С тех пор я избегал оставаться в одиночестве. Это было нетрудно, повсюду за мной были рады следовать многие – дружинники и ближние бояре. Чем ближе ты к князю – тем больше тебе почет. Другое дело, что я не знал теперь, кому могу доверять, а кому нет.
Определенные сложности испытывал я и по ночам. Точнее – вечерами, когда князю предоставлялось почетное право первому выбирать себе наложницу.
Признаюсь, из меня вышел бы очень никудышный мусульманин, потому что менять каждую ночь женщин в своей постели мне претило с самого начала и до конца. Для таких вещей нужна определенная склонность, которой я не имел. Дело тут не в темпераменте или мужской силе: на слабость того и другого я никогда не жаловался. Наверное, все дело в воспитании, в моральном подходе – я попросту не был готов к полигамии, бывшей тут самым обычным и естественным делом. Как я ни уговаривал себя жить как все здесь, ничего не выходило: смена женщин каждую ночь представлялась мне скотством…
Нет, я никого не сужу – не мое это дело. Просто скажем так: мне неинтересен секс со случайными женщинами. А моих наложниц всех можно было назвать случайными, потому что их – несколько десятков.
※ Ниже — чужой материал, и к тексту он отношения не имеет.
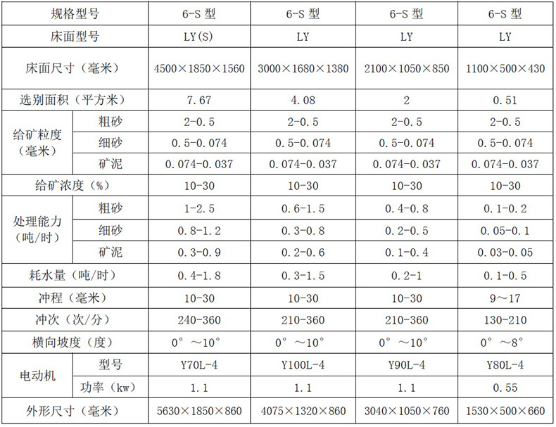 6-S摇床分选性高,原矿经过一次选别即可得到精矿,中矿和废弃尾矿,可同时接出多个产品。精矿的富集比高,选别效率高,看管容易,便于调节冲程。

Тем не менее я присмотрел себе маленькую черноглазую Зауру – тоненькую и стройную женщину восточного типа с необычайно узкой талией и длинными стройными ногами. Именно с ней я проводил большую часть ночей – я привык к ней, а она ко мне.
Заура была пленницей, захваченной в одном из набегов на селения кочевников, перемещающихся со своим скотом и повозками в степи к востоку от Руси.
– Откуда ты? – спросил я ее при первом знакомстве. – Из какого племени?
– Нас зовут хазарами, – прощебетала девушка, лежа рядом со мной на расстеленных шкурах и играя моими волосами. – А больше я ничего не знаю. Даже не помню отца и мать, потому что они мало времени проводили со мной. Я росла, как трава в степи, летала, как птица небесная. А потом сразу попала в плен к твоим воинам.